* _Assignment_:
Of the material below, only the lines from the line containing "Bloqueio de freio de disco de alarme de bicicleta preta" down to the line containing "Solitaire Black Tahitian" belong in the answer, written out exactly.

+++ Material for the task

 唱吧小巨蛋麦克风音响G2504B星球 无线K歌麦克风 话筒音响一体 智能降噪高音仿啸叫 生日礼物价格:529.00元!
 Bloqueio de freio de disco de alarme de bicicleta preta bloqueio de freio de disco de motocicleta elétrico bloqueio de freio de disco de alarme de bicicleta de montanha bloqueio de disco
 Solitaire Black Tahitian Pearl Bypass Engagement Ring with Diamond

++++++
+++ Material for the task

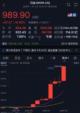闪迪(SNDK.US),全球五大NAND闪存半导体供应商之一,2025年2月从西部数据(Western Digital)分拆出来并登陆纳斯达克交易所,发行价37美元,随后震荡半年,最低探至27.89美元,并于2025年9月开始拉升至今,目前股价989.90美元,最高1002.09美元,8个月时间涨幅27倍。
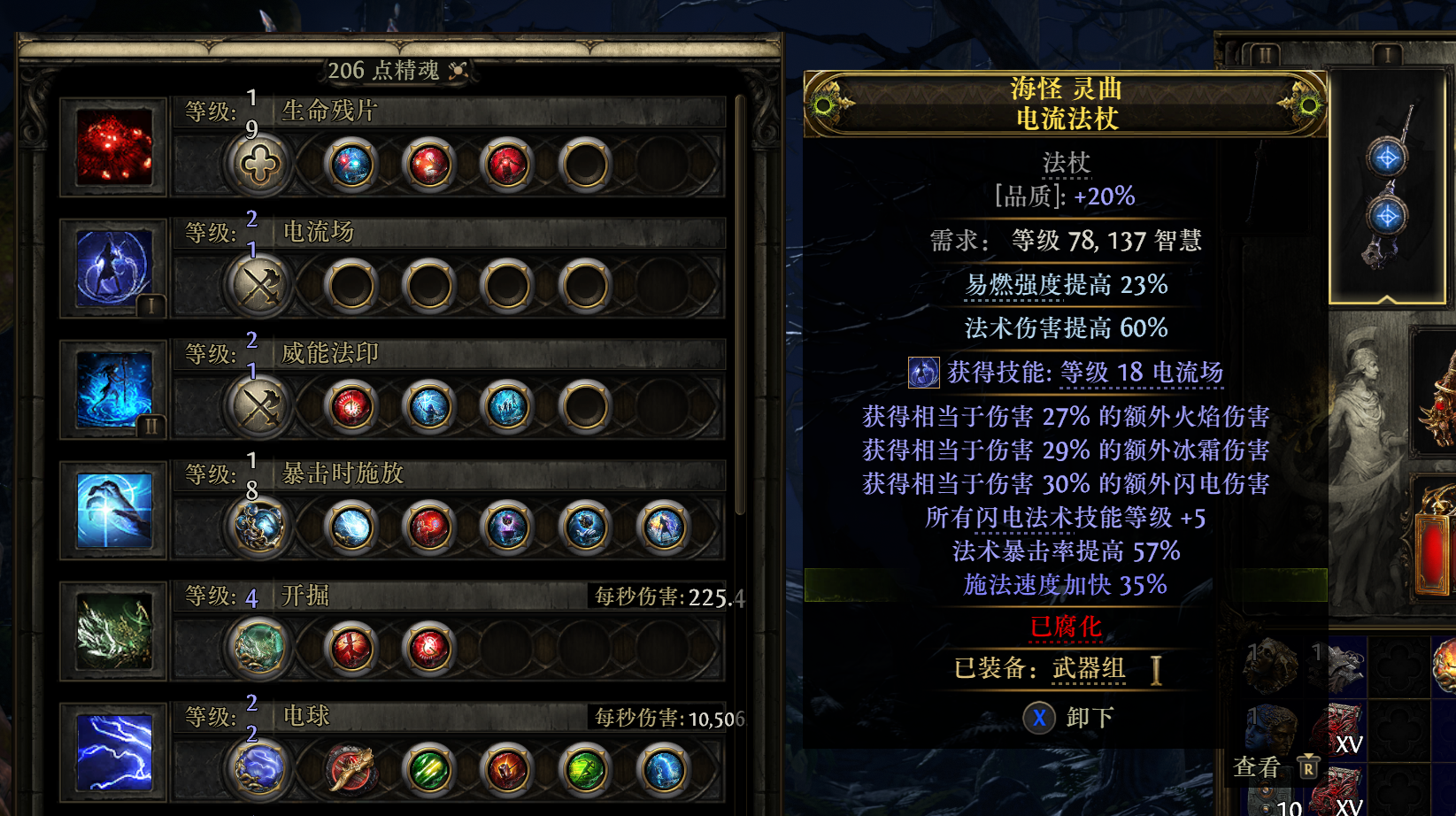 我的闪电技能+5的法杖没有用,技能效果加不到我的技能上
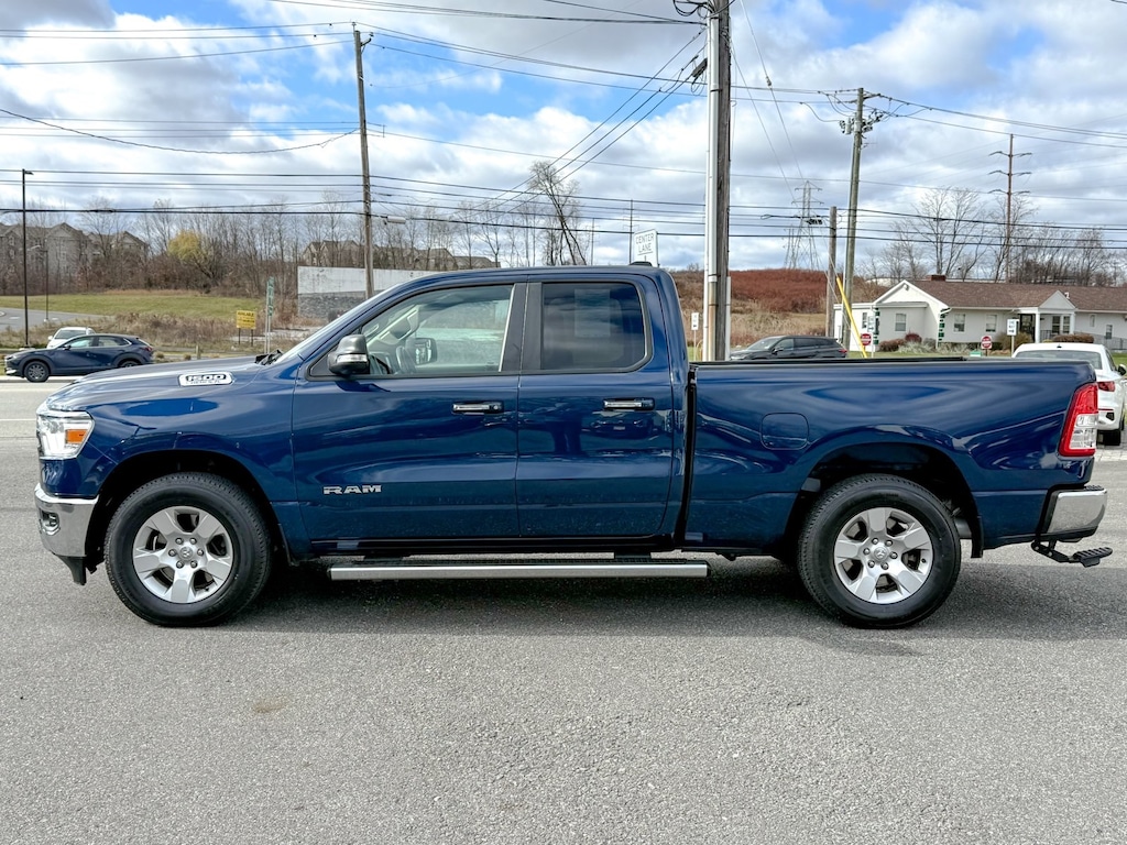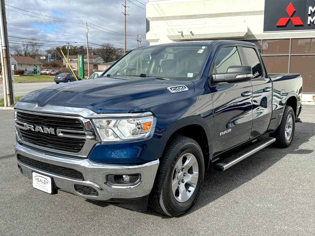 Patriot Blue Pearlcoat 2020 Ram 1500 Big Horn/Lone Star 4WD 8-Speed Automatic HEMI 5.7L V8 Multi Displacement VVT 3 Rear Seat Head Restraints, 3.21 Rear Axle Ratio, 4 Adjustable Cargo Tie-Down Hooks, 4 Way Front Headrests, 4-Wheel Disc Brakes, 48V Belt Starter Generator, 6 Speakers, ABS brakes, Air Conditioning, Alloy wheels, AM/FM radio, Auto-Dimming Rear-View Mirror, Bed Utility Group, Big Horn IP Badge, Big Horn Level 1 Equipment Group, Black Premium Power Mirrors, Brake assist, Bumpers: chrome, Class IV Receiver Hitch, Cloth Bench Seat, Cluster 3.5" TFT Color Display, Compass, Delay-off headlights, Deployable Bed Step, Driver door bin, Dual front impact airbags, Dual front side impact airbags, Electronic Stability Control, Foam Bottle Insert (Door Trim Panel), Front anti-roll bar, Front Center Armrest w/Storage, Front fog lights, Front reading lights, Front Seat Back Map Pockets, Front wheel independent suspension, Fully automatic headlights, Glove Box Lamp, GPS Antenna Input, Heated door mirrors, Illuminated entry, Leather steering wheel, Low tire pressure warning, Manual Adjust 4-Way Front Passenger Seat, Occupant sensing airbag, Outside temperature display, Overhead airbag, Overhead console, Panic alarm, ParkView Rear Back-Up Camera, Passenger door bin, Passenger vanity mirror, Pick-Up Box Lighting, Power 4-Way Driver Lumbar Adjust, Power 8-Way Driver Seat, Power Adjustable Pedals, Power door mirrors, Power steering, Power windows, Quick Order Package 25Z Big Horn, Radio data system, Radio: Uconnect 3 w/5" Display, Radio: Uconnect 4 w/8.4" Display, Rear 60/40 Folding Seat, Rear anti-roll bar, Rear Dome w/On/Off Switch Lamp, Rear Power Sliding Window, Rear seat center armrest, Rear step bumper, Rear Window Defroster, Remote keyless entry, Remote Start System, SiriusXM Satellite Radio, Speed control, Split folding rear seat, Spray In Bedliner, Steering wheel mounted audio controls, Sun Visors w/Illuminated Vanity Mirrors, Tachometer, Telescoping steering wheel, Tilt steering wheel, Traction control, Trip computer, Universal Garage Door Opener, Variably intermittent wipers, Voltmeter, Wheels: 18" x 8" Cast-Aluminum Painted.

++++++

* _Response to this exercise_:
 Bloqueio de freio de disco de alarme de bicicleta preta bloqueio de freio de disco de motocicleta elétrico bloqueio de freio de disco de alarme de bicicleta de montanha bloqueio de disco
 Solitaire Black Tahitian Pearl Bypass Engagement Ring with Diamond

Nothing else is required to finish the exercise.